_Problem description_. Under this line is a listing; return exactly the lines starting at the one with "Cuadros De Tela" and running down to the one with "Stag 1975, rouge, hard-top, carte", and leave out its pictures.

_Data supplied_.
◆ ◆ ◆ ◆ ◆ ◆ ◆
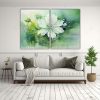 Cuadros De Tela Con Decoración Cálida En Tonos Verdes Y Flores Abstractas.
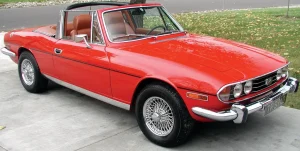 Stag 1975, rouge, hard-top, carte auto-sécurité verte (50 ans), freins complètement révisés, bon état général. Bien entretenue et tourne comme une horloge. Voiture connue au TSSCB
◆ ◆ ◆ ◆ ◆ ◆ ◆
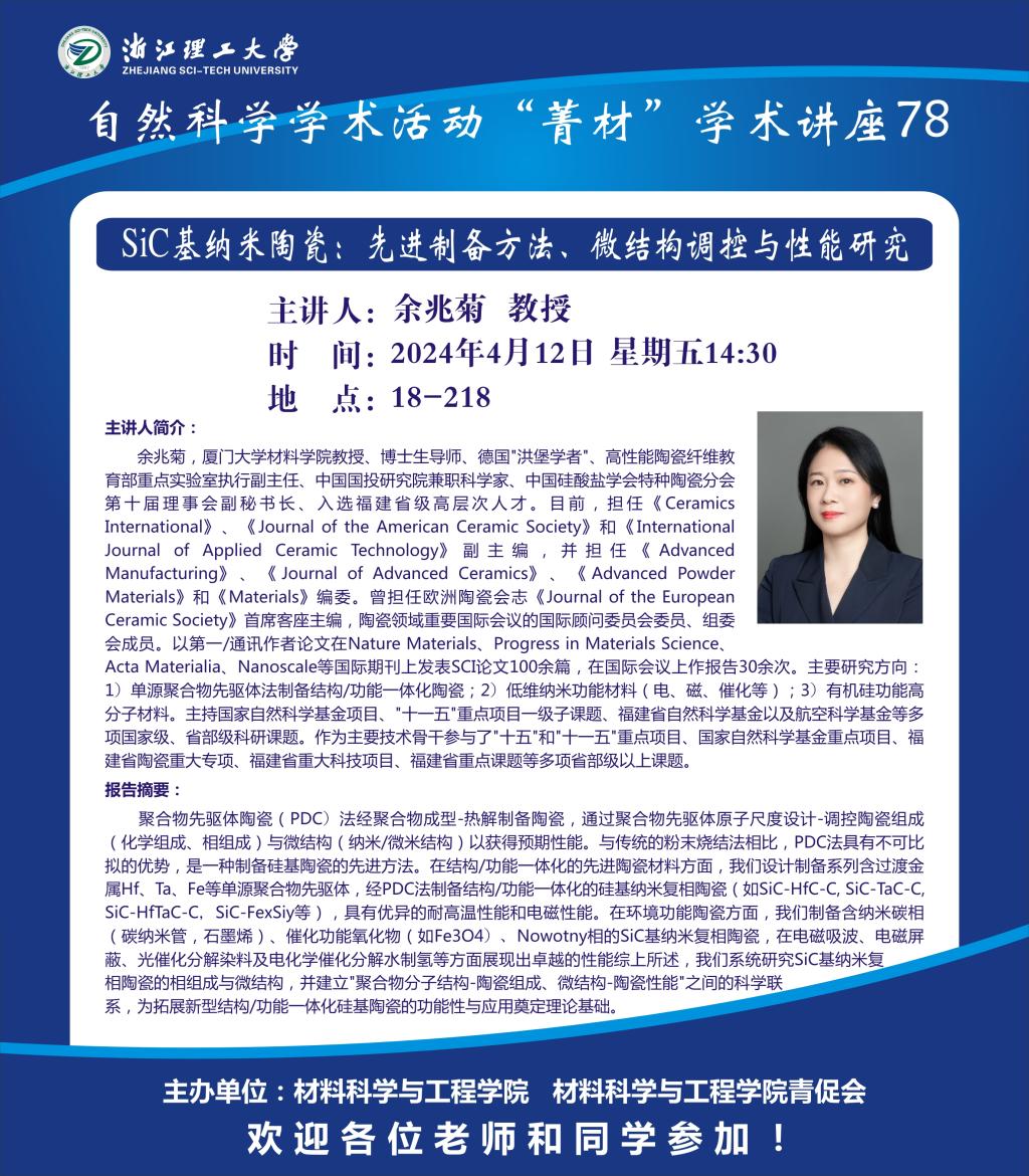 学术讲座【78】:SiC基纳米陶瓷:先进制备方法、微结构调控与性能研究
◆ ◆ ◆ ◆ ◆ ◆ ◆
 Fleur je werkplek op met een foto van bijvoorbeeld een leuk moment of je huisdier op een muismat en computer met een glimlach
◆ ◆ ◆ ◆ ◆ ◆ ◆
_Exercise output_.
 Cuadros De Tela Con Decoración Cálida En Tonos Verdes Y Flores Abstractas.
 Stag 1975, rouge, hard-top, carte auto-sécurité verte (50 ans), freins complètement révisés, bon état général. Bien entretenue et tourne comme une horloge. Voiture connue au TSSCB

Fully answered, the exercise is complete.